The entries below contain pictures, which are to be left out; write out exactly, and only, the lines from the line with "Iris macrosiphon , comúnmente" up to and including the line with "Mokana Korean Style".

Extracted information:

■ ■ ■

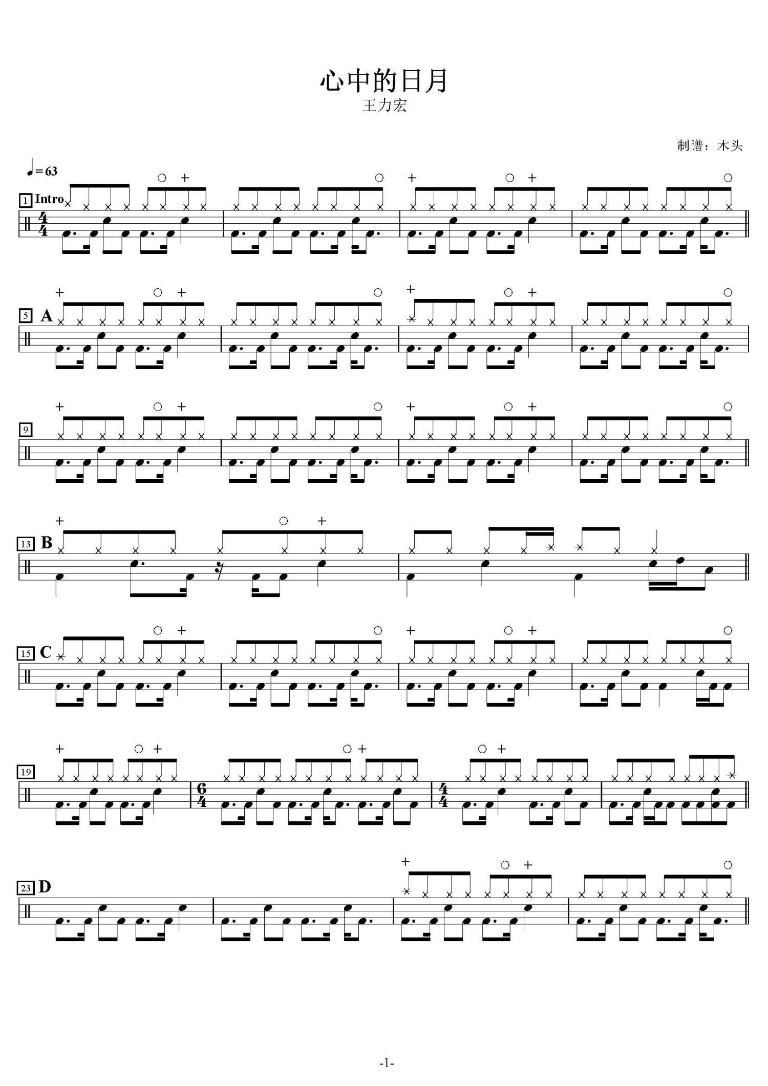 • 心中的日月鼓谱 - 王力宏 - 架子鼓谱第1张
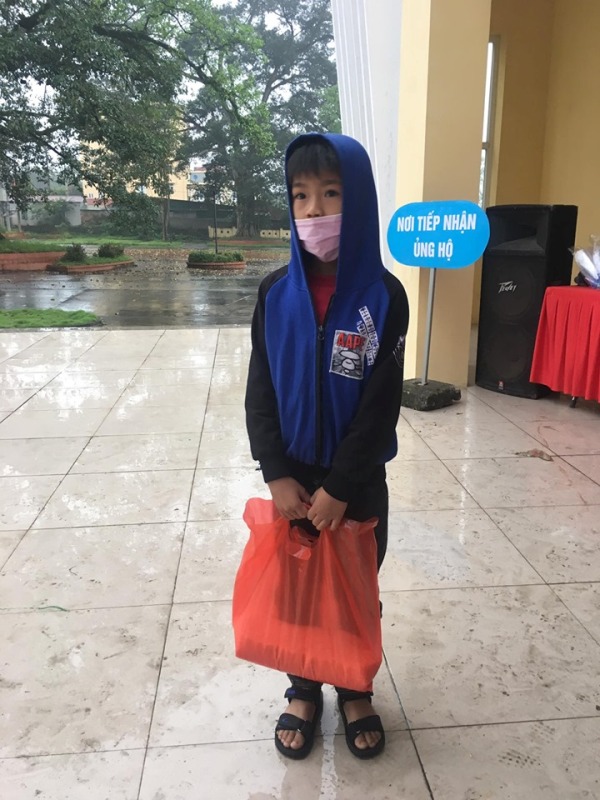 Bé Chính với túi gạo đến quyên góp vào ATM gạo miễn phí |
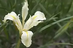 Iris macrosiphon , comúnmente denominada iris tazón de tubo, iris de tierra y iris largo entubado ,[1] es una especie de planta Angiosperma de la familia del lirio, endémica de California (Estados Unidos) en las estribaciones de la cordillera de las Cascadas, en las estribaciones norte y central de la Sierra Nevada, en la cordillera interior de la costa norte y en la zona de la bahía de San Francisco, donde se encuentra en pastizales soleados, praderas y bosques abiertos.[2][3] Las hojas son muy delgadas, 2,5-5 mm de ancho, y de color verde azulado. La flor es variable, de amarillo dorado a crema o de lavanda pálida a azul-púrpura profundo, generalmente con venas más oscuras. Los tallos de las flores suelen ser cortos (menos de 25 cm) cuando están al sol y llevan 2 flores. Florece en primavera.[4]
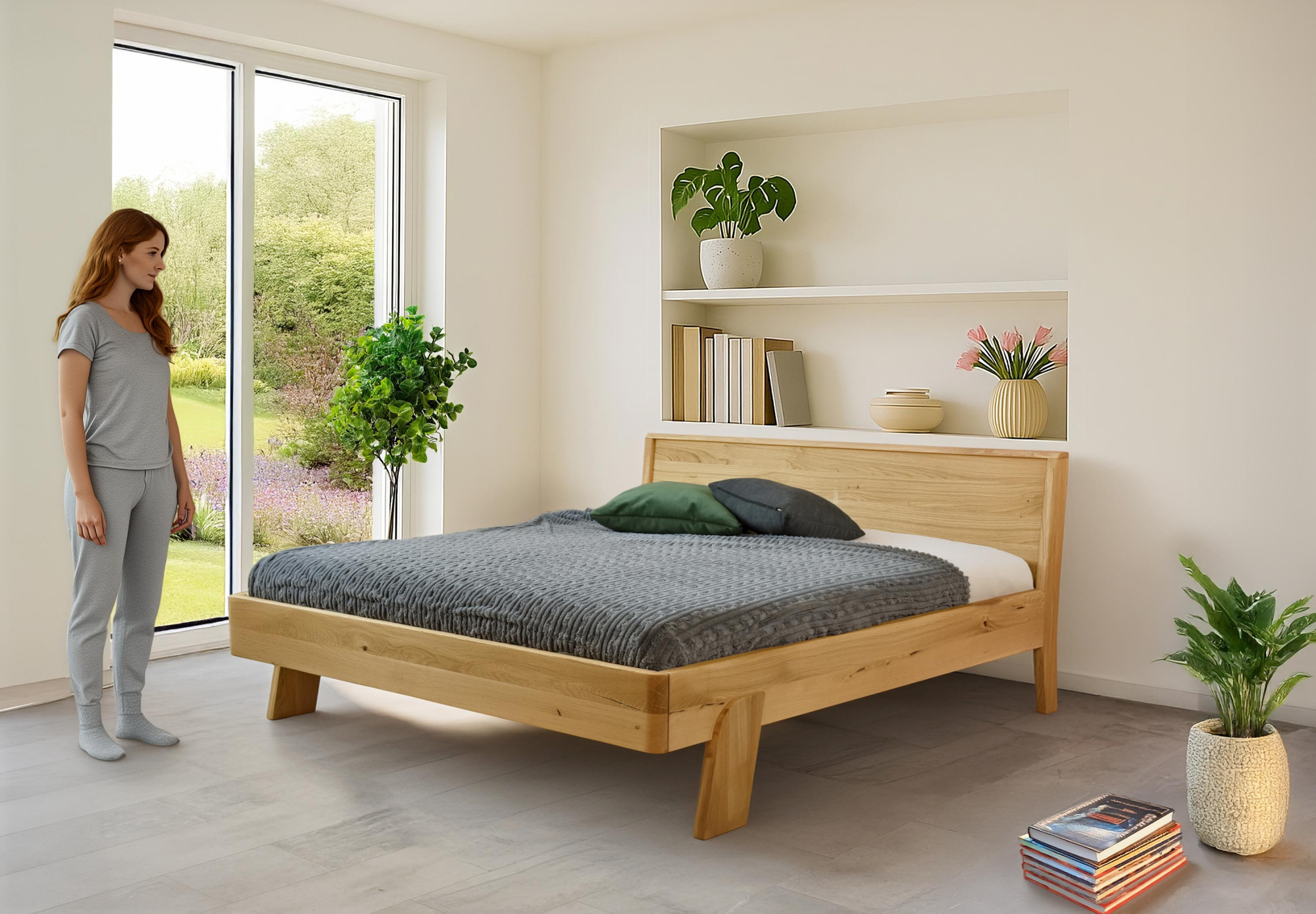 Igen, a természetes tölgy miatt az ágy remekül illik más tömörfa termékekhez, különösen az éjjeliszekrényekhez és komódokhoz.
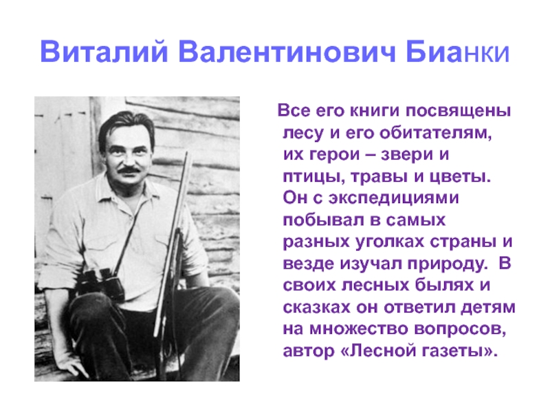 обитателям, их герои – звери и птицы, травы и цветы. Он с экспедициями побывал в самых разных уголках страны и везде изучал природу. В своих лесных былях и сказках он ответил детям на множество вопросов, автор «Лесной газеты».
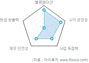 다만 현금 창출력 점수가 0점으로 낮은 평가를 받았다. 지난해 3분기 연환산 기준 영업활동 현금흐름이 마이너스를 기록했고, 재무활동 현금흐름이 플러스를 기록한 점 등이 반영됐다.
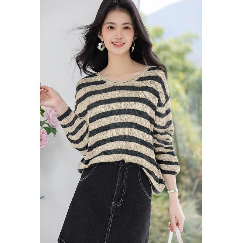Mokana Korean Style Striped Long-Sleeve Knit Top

■ ■ ■

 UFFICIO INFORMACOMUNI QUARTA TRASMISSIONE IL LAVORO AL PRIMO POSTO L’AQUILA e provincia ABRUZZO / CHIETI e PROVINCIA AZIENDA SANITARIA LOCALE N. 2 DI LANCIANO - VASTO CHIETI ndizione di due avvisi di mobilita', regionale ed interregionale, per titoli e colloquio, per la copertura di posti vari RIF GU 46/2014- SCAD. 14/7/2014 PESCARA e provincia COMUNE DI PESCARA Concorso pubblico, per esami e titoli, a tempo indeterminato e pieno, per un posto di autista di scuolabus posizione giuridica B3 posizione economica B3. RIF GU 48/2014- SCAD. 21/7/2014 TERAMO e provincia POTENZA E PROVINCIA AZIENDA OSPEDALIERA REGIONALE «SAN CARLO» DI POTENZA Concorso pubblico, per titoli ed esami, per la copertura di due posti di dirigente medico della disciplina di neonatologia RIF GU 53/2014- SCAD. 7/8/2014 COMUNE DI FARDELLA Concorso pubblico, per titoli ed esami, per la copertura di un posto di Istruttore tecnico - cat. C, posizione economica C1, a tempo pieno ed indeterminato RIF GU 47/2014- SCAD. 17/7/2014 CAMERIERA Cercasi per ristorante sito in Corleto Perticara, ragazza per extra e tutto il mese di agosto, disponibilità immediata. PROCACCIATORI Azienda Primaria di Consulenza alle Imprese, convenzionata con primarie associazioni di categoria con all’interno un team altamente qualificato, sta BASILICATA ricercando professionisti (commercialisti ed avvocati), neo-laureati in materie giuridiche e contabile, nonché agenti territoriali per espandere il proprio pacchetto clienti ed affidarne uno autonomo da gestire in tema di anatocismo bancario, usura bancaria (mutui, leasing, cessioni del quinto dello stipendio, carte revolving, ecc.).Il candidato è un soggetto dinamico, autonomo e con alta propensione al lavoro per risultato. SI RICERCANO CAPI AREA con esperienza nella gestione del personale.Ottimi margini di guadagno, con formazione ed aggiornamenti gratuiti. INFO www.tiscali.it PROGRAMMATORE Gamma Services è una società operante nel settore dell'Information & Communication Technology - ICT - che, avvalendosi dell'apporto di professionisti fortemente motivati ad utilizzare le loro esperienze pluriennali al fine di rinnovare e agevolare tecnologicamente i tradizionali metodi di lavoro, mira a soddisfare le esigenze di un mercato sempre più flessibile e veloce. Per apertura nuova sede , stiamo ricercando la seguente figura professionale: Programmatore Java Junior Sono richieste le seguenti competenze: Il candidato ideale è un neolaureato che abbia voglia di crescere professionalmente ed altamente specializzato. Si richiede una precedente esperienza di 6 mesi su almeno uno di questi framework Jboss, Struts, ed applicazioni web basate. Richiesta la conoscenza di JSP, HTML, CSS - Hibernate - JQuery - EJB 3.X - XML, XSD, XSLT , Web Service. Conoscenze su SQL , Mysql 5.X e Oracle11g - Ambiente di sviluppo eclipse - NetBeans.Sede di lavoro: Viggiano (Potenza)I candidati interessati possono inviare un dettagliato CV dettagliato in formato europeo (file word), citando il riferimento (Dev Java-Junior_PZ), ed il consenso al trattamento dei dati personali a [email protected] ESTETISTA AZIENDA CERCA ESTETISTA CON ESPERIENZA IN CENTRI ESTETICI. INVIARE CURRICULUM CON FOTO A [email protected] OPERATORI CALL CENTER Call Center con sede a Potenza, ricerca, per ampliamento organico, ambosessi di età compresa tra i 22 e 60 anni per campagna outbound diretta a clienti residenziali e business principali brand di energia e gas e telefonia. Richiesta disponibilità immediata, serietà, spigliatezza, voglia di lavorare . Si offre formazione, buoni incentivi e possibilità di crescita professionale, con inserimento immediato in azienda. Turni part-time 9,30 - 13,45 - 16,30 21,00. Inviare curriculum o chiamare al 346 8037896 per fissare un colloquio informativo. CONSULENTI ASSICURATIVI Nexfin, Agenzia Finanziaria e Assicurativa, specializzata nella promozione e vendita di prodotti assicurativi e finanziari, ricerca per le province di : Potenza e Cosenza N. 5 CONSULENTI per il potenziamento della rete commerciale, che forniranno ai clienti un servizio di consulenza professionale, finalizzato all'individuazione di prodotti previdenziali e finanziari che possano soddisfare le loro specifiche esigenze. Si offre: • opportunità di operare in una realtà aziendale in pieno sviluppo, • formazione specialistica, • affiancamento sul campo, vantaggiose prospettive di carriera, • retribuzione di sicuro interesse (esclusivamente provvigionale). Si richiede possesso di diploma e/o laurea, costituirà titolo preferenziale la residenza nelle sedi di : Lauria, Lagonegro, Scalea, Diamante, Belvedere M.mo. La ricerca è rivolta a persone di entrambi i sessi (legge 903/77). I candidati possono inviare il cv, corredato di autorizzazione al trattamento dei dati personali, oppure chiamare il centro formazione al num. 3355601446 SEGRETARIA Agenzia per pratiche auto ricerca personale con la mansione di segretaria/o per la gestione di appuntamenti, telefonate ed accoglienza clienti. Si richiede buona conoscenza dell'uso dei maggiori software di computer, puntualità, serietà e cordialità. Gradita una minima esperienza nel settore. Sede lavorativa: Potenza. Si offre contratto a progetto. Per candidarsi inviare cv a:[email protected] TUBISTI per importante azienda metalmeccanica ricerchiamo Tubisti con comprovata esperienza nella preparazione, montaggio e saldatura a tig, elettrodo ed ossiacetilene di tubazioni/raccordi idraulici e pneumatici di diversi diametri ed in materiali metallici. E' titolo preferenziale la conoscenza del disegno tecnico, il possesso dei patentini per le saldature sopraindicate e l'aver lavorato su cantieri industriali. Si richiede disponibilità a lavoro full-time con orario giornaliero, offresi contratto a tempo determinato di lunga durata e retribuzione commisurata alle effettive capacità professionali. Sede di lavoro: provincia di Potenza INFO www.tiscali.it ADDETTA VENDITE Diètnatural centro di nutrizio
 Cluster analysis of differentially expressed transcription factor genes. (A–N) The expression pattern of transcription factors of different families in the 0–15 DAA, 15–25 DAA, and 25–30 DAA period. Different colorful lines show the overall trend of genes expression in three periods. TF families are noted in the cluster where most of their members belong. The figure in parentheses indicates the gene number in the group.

■ ■ ■

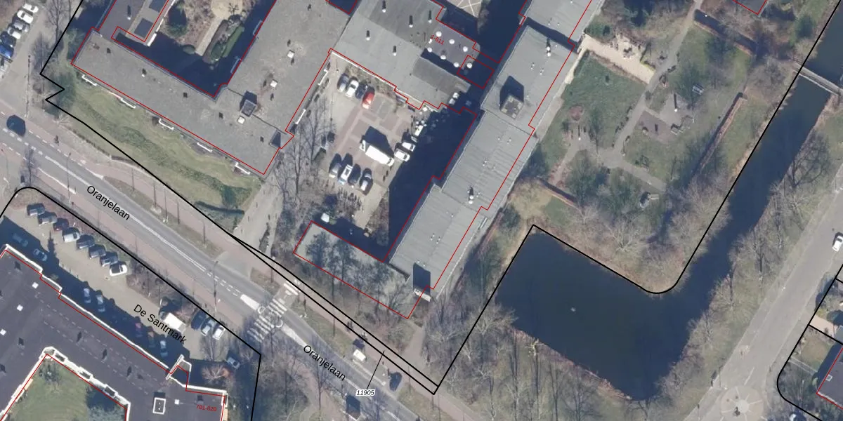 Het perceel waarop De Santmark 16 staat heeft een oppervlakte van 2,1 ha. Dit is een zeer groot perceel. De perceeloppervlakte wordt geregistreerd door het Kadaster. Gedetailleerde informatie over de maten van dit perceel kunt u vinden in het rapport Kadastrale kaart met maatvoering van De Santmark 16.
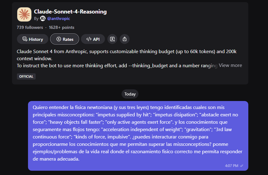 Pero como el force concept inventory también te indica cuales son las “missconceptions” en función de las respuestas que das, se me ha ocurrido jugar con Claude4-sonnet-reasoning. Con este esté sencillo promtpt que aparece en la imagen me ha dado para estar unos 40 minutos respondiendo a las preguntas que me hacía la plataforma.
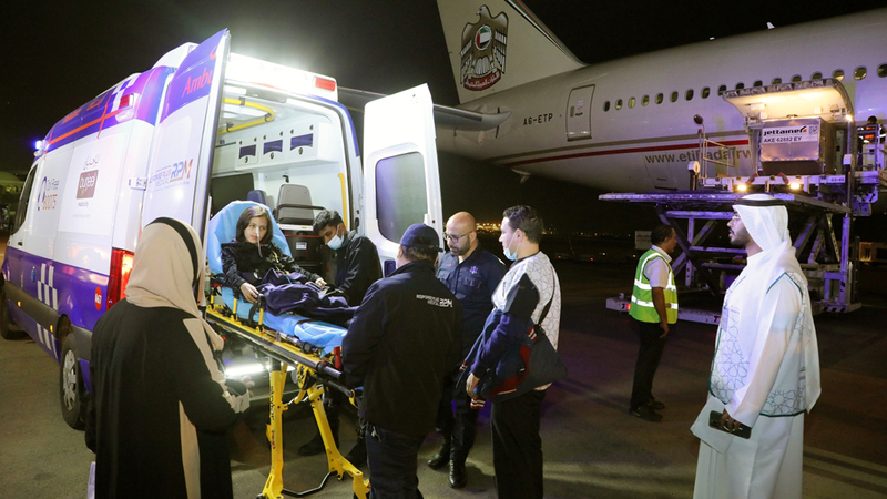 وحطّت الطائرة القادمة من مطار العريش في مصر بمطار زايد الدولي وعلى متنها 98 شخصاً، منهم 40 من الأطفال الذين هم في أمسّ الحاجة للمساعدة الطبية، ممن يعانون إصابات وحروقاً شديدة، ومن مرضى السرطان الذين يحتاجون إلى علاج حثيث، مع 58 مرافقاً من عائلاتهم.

■ ■ ■

Response to the exercise:
 Iris macrosiphon , comúnmente denominada iris tazón de tubo, iris de tierra y iris largo entubado ,[1] es una especie de planta Angiosperma de la familia del lirio, endémica de California (Estados Unidos) en las estribaciones de la cordillera de las Cascadas, en las estribaciones norte y central de la Sierra Nevada, en la cordillera interior de la costa norte y en la zona de la bahía de San Francisco, donde se encuentra en pastizales soleados, praderas y bosques abiertos.[2][3] Las hojas son muy delgadas, 2,5-5 mm de ancho, y de color verde azulado. La flor es variable, de amarillo dorado a crema o de lavanda pálida a azul-púrpura profundo, generalmente con venas más oscuras. Los tallos de las flores suelen ser cortos (menos de 25 cm) cuando están al sol y llevan 2 flores. Florece en primavera.[4]
 Igen, a természetes tölgy miatt az ágy remekül illik más tömörfa termékekhez, különösen az éjjeliszekrényekhez és komódokhoz.
 обитателям, их герои – звери и птицы, травы и цветы. Он с экспедициями побывал в самых разных уголках страны и везде изучал природу. В своих лесных былях и сказках он ответил детям на множество вопросов, автор «Лесной газеты».
 다만 현금 창출력 점수가 0점으로 낮은 평가를 받았다. 지난해 3분기 연환산 기준 영업활동 현금흐름이 마이너스를 기록했고, 재무활동 현금흐름이 플러스를 기록한 점 등이 반영됐다.
Mokana Korean Style Striped Long-Sleeve Knit Top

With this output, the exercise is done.